According to court documents, Amazon is owed approximately $4.8 million in unpaid fees, dating back to September 2023. The petition filed by Amazon this week requests permission from the bankruptcy court to end its hosting agreement with Chicken Soup for the Soul Entertainment, which could potentially lead to the shutdown of Crackle’s website and streaming services, according to a report from Lowpass and Morning Brew.

The website may still be working but streaming movies and TV shows on the apps or website has not worked in months. Leaving a website full of movies and TV shows that don’t work.

Crackle’s Rise and Fall

Crackle, originally known as Grouper, was founded in 2004 and quickly gained popularity as a free video streaming platform. Sony Pictures Television acquired the service in 2006 and rebranded it as Crackle, offering a mix of movies, TV shows, and original programming.

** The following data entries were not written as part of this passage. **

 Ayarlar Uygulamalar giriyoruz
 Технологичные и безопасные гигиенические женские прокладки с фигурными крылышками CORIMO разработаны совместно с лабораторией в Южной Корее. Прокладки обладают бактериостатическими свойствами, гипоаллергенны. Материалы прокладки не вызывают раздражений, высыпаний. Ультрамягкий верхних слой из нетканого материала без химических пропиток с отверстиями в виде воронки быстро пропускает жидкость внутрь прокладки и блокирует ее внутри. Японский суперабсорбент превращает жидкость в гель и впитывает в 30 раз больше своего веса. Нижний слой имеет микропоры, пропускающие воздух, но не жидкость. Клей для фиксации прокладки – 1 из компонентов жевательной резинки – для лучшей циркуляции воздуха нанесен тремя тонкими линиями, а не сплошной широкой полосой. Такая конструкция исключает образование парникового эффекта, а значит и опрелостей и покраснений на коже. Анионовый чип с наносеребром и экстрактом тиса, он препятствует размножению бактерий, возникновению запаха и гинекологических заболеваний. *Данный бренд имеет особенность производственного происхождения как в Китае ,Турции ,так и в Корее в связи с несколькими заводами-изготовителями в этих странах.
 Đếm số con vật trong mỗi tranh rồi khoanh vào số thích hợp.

In 2019, Chicken Soup for the Soul Entertainment purchased Crackle, aiming to expand its reach in the ad-supported streaming market. However, the company has faced financial challenges in recent years, leading to significant debt and ultimately, bankruptcy.

The Implications of Amazon’s Petition

If the bankruptcy court approves Amazon’s petition, Crackle’s website and streaming services could be disrupted or even shut down. This would leave millions of users without access to Crackle’s library of free content.

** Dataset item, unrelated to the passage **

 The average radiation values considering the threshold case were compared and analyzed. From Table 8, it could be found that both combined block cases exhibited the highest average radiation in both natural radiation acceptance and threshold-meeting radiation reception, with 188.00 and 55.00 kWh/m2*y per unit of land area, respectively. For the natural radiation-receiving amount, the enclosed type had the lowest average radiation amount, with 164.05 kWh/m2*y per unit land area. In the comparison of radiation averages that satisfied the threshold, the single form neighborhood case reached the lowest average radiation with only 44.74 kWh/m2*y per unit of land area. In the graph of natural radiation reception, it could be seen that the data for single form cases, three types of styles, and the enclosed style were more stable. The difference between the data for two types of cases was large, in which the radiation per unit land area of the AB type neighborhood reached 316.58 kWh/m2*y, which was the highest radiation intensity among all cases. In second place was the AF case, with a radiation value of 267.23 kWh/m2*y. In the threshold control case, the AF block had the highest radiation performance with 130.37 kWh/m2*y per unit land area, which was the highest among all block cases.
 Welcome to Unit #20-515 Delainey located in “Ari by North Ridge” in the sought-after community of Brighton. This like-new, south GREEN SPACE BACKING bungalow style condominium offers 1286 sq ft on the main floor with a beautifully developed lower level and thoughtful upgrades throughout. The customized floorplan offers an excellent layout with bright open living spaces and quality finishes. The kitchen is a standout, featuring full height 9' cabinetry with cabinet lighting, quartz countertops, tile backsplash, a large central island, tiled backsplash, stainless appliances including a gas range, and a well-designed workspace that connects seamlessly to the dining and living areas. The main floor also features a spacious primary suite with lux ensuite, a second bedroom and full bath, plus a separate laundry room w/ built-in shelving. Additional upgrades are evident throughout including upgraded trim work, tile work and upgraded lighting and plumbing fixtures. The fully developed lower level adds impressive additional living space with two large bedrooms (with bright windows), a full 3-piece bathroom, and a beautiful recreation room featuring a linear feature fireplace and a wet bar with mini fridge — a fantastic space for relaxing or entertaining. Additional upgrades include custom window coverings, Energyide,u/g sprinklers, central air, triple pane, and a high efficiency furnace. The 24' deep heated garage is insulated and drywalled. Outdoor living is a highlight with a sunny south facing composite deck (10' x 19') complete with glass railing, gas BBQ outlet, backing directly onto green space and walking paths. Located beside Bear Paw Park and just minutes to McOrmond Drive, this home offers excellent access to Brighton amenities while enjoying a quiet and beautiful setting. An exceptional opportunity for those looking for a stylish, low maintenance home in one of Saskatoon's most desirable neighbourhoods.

The potential loss of Crackle would also have implications for the broader ad-supported streaming market. Crackle was one of the early pioneers in this space, and its demise could signal challenges for other free streaming services that rely on advertising revenue.

Chicken Soup for the Soul Entertainment’s Financial Struggles

Chicken Soup for the Soul Entertainment’s financial difficulties extend beyond its unpaid debt to Amazon. The company has accumulated significant debt through various acquisitions and investments, and its stock price has plummeted in recent months.

The company’s struggles highlight the challenges faced by many players in the competitive streaming market. As consumers have more choices than ever, it can be difficult for smaller streaming services to attract and retain viewers, especially when competing with giants like Netflix, Disney+, and Amazon Prime Video.

It is possible that another company could acquire Crackle and its assets, but this would depend on the outcome of the bankruptcy proceedings and the interest of potential buyers. The coming weeks will be crucial for determining the future of Crackle and its place in the evolving streaming landscape.